In this same way, survivors live with this gap in their lives that nothing seems to fill. Cancer creates a gap of a time, "before I was sick". It can form a gap with it's many side effects survivors must now live with. Much like Hermione, we long to hold on to the reality we once had before we ever thought cancer would be a part of our life. This is why sometimes when a survivor reflects upon their life, we see a time when our life was more than fighting everyday just to make it through to the next. While we don't necessarily want to die, there is a time when the human spirit can only take so much suffering and you just wish there was a way to forget it all at once, even for a moment. Viewers from the outside thing this way of thinking is dark or hopeless, but realistically it is just the brains way of giving the body momentary comfort.

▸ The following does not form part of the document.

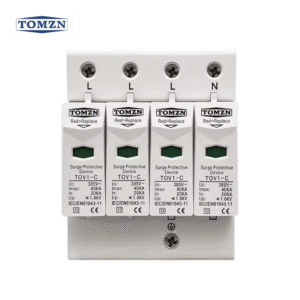 4-Pole Surge Protection Device (SPD) – Designed to protect three-phase AC systems plus neutral from voltage surges and transient over voltages.

In my personal life, making the most out of the moments I can forget about being sick, and the myriad of side effects are the moments I am alive. The best moments are the ones you are truly free, even free from just existing, you have achieved something beyond that, a great moment in life, even if it is just a distraction. Distraction is the best medicine as it also comes with the added benefit of creating memories with the people you love, memories in which you will live on long after you are gone and even long after they are gone if you are lucky.